An individual complained that a web-centred company, with which she had an e-mail account, did not: adequately protect her personal information (she alleged that her e-mail account had been improperly accessed); provide her with a satisfactory explanation when she tried to resolve her concerns; or give her access to the personal information she had requested.

In making her determinations, the Assistant Privacy Commissioner deliberated as follows:

Access complaint

The company refused the complainant's request in writing, as per subsection 8(7), and indicated that she would need to subpoena the information. The company's reluctance to release the IP addresses was based in part on the fact that it is typically law enforcement officials or lawyers who request this information, and not clients. The company was also concerned that such information could lead to incorrect conclusions on the part of the requester (in other words, he or she might get the impression that a number of individuals are changing his or her password, for example, when in fact the IP address may be linked to the account holder's computer only).

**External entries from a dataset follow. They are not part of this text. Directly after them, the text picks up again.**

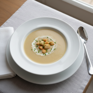 Service : 220-250 ml/portion (verre à pied ou bol). Accompagnement : pain grillé beurrée bio, croutons maison, brindille cerfeuil frais.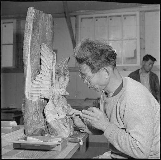 | Keywords: Rohwer Relocation Center, McGehee, Arkansas. In a wood carving class, this center resident, a form . . . - NARA - 539386.tif Scope and content The full caption for this photograph reads Rohwer Relocation Center McGehee Arkansas In a wood carving class this center resident a former Californian of Japanese ancestry works on a patriotic carving out from a natural hardwood formation General notes 539386 Local identifier 210-G-E864 Department of the Interior War Relocation Authority 02/16/1944 - 06/30/1946 NARA-Author Parker Tom Photographer 4682167 <br /> Still Picture Records Section Special Media Archives Services Division NWCS-S National Archives at College Park 8601 Adelphi Road College Park MD 20740-6001 1943-03-07 Record group Record Group 210 Records of the War Relocation Authority 1941 - 1989 Record group ARC 537 Central Photographic File of the War Relocation Authority compiled 1942 - 1945 Series ARC 536000 File unit File unit ARC Variant control numbers NAIL Control Number NWDNS-210-G-E864 yes Other versions <gallery> File Rohwer_Relocation_Center _McGehee _Arkansas _In_a_wood_carving_class _this_center_resident _a_form_ _ _ _-_NARA_-_539386 tif tif File Rohwer_Relocation_Center _McGehee _Arkansas _In_a_wood_carving_class _this_center_resident _a_form_ _ _ _-_NARA_-_539386 jpg jpg </gallery> NARA-cooperation PD-USGov Rohwer War Relocation Center NARA TIF images with categorized JPGs |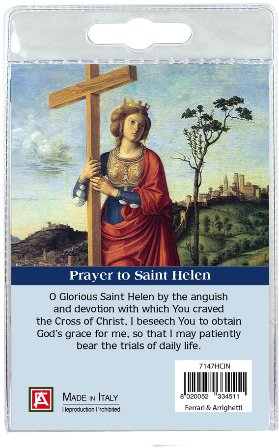 Il blister si presenta con all'interno un cartoncino rappresentante Sant Helen e Madonna Ausiliatrice, con una preghiera dedicata a Sant Helen.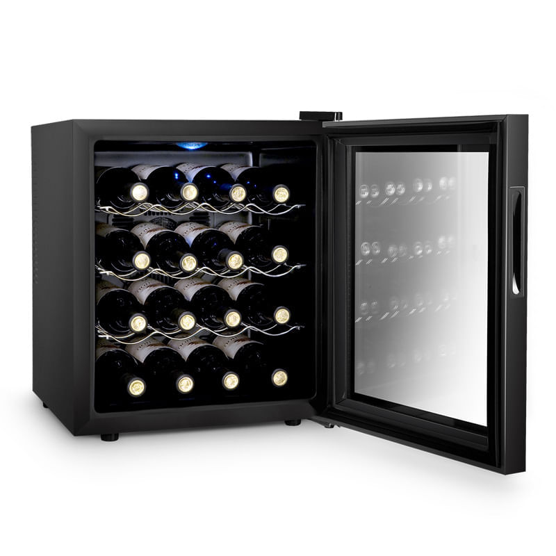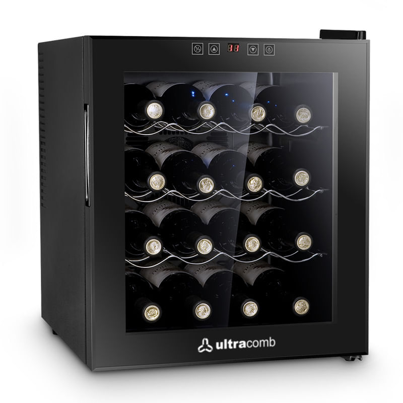 Cava termoelectrica para proteger la calidad y el sabor de sus vinos a largo y corto plazo. Con capacidad de hasta 16 botellas (50 litros). La estabilidad de los vinos y sus sedimentos naturales no se veran alterados gracias a su sistema sin compresor, silencioso y sin vibraciones. Aislamiento especial interior para mantener una humedad constante. Es adecuada para espacios reducidos. Posee un diseno pequeno y compacto. Potencia: 70 W. Sistema de refrigeracion: Termoelectrico. Luz LED azul interna. Puerta con doble vidrio templado. 3 rejillas de cromo separadoras. Controlador del panel tactil con indicador LED.

The Assistant Commissioner was satisfied that the complainant had been given access to her personal information, in accordance with Principle 4.9 and therefore concluded that the access complaint was resolved.

Safeguard complaint

The Assistant Commissioner reviewed the company's measures for changing the password. She noted that the information that is requested, which is matched to the information provided at registration, may be information that is known by another individual close to the account holder. A challenge question, which is selected by the account holder when the account is set up, is then posed.

The Assistant Commissioner noted that while organizations are responsible for protecting the personal information in their possession, there is some onus on the individual to protect his or her own personal information. It was therefore difficult for the Assistant Commissioner to hold the company accountable, when the complainant had not taken the company's advice to fully protect her own personal information. The Assistant Commissioner deemed the company's measures reasonable and found that the company was not in contravention of Principle 4.7 and concluded that the safeguards complaint was not well-founded.

Compliance complaint

The Assistant Commissioner commented that the privacy officer still has ultimate responsibility, regardless of whether a complainant has followed what staff have told him or her to do, or not. In this case, the complainant had specifically requested the name and telephone number of the person to whom she could escalate the matter. It was at that point that the employees who had been dealing with her should have brought the matter to the attention of the company's privacy officer. She therefore found that the company was not in compliance with Principle 4.10 and concluded that the compliance complaint was well-founded.